# Work instruction
Your copy should start at the line with "Historic 1891 Map" and end at the line with "Das Model verkörpert" in the data below. Transcribe only those lines, exactly, pictures excluded.

# Excerpted records
——————————
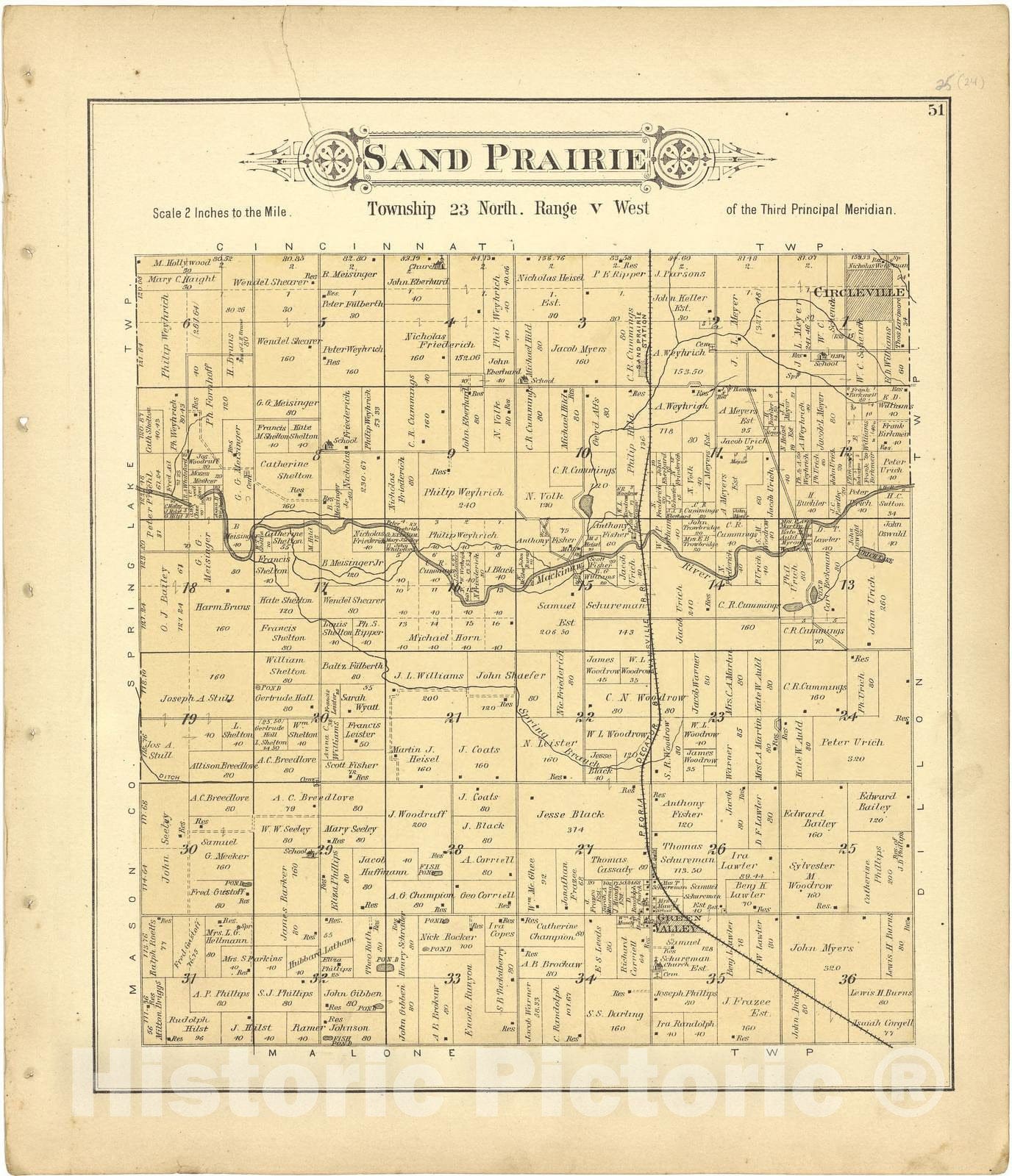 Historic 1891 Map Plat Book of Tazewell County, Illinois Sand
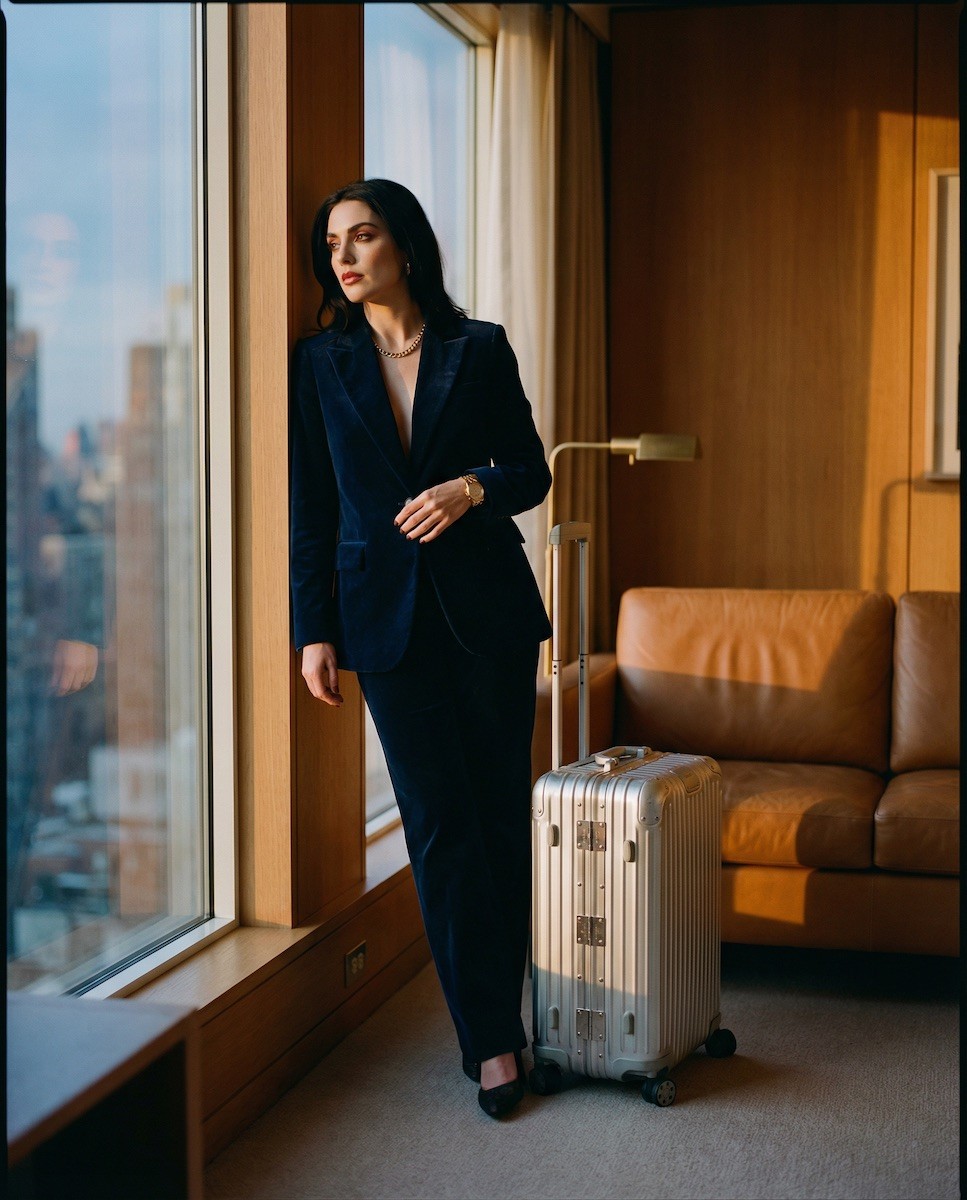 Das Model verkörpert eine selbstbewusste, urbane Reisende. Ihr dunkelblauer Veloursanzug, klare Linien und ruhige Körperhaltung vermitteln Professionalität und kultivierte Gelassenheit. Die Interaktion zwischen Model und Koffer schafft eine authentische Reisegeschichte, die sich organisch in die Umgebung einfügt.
——————————
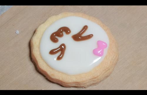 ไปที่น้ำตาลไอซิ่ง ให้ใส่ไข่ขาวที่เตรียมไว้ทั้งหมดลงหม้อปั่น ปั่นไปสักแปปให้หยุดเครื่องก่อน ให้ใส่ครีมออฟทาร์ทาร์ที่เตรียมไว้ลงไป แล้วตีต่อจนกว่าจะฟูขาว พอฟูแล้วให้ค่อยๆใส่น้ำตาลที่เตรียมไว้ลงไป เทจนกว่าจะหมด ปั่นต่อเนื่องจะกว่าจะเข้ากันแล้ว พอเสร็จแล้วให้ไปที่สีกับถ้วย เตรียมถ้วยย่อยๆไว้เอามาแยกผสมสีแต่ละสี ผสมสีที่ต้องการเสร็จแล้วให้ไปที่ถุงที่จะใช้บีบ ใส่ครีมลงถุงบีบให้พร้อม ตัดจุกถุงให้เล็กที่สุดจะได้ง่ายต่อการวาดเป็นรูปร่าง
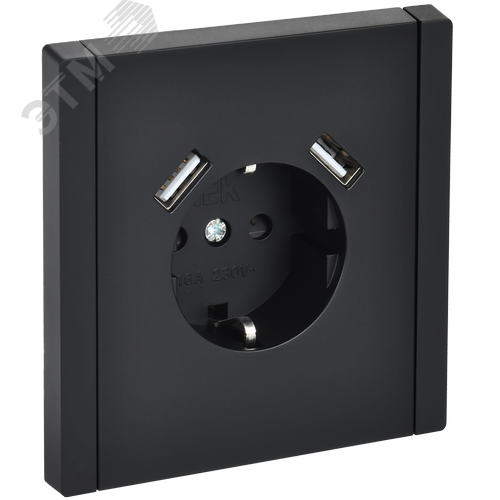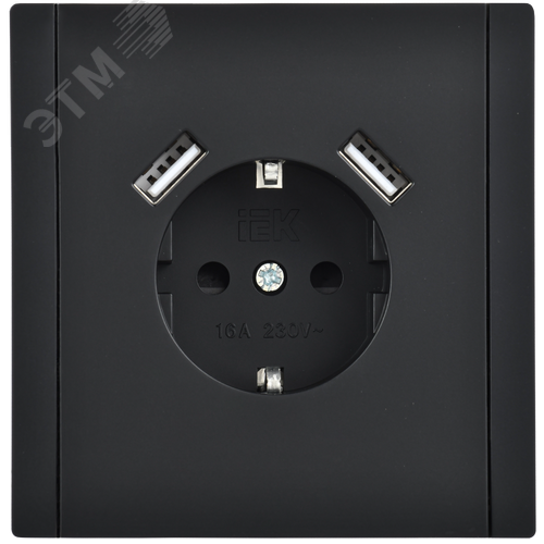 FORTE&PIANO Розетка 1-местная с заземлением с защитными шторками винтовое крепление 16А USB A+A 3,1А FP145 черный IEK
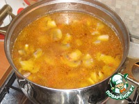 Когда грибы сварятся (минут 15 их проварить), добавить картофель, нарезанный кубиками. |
——————————
# Task solution
 Historic 1891 Map Plat Book of Tazewell County, Illinois Sand
 Das Model verkörpert eine selbstbewusste, urbane Reisende. Ihr dunkelblauer Veloursanzug, klare Linien und ruhige Körperhaltung vermitteln Professionalität und kultivierte Gelassenheit. Die Interaktion zwischen Model und Koffer schafft eine authentische Reisegeschichte, die sich organisch in die Umgebung einfügt.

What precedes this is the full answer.